1. The Telegraph (linked as a reference by Lenin’s Tomb, which is where this link goes), says:

    “Once on the ground, an unspecified number of labourers had their passports seized, effectively trapping the workers in Iraq for the duration of their contracts. Although the labourers are relatively well paid, receiving $1,000 (£550) a month, they endured harsh conditions on the site.”

    To call that slavery demeans the experience of those who have endured real slavery (in the U.S. and elsewhere)– i.e. being bought and sold like property, having no civil rights (including the right to life), and being forced to work for nothing, with no way out.

    I’m not saying forced labor is good. But to label it as slavery is unnecessarily inflammatory. It may be comparable to some types of indentured servitude, but slavery it is not.

  2. Point well taken, but if you can’t leave and are treated badly, does how much you are being paid really matter?

    They were forced to sleep 20 to a room and drink water from contaminated sources.

    And how could the US not have known?

  3. Sure it was deplorable, and our government should be held accountable if (as is likely) it knew. But it was temporary– not a life-long condition of servitude. Let’s kjeep our perspective, lest we forget how bad things can really get.

    BTW, there are workers in Sri Lanka who have to sleep in shifts because there is not enough floor space for them to all lie down at once. They do this not because they are forced to, but because it’s all they can afford. Sometimes what we (with our western sensibilities) consider deplorable is the only way people can survive.

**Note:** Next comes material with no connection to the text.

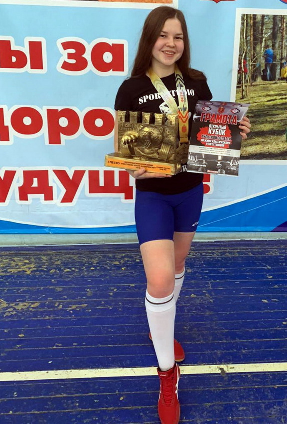 В феврале она стала абсолютной чемпионкой Тульской области в тяге с результатом 145,0 кг.
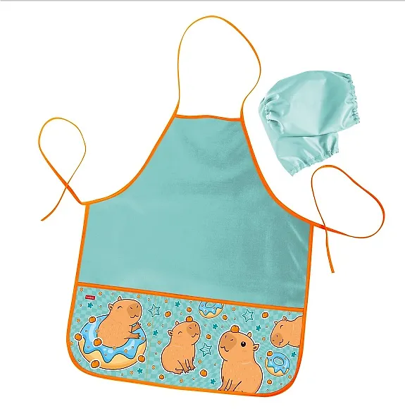 Фартук с двумя карманами рассчитан на возраст от 6 лет, рост ребенка примерно 122-152см. Выполенен из практичного и легко отстирывающегося полиэстера, в комплект входят нарукавники. Размер: 53,5*44,5 см.

  4. The problem is, once you’re there and in that position, there’s no way of knowing if you’re going to be freed or paid. The fact that they got paid and released later is little consolation to those who became ill or died while there because of the conditions. (And while the article doesn’t report if anyone did, I can assure you there were probably a few that did.) Taking someone and locking them up for months is a crime, even if you pay them when you let them go.

  5. Agreed. But there are degrees of crime, and to equate this with slavery is to equate a lesser crime with murder.

  6. DJ… I think you’re misunderstanding the definition of slavery. It existed before 1850 in the United States, FYI. And, as locke would say, “He who would take away my liberty, I have no reason he would take away everything else when he had me in his possession.” In other words, slavery. Thank you.

  7. Interestingly, the first slaves in the English colonies (later to become the U.S.) were delivered to Jamestown in 1619 by Dutch traders. The colonists didn’t understand slavery, so they treated these Africans as indentured servants– they worked for free for seven years and were then freed.

    That changed, of course. Later shipments were treated like livestock, sold at auction and kept without any rights or recourse whatsoever. A slave could be separated from his/her family, whipped even unto death, castrated, or raped– all without any repercussions. He/she could even be killed at the whim of his/her owner. Of course, like expensive livestock, you wouldn’t kill one unecessarily, but there were no laws against it.

    While I object to anyone taking away someone else’s liberty without good cause, and I agree that what was done in this instance was wrong, I stand by my opinion that there’s a huge difference between temporary forced labor and slavery– and I hope we never forget it.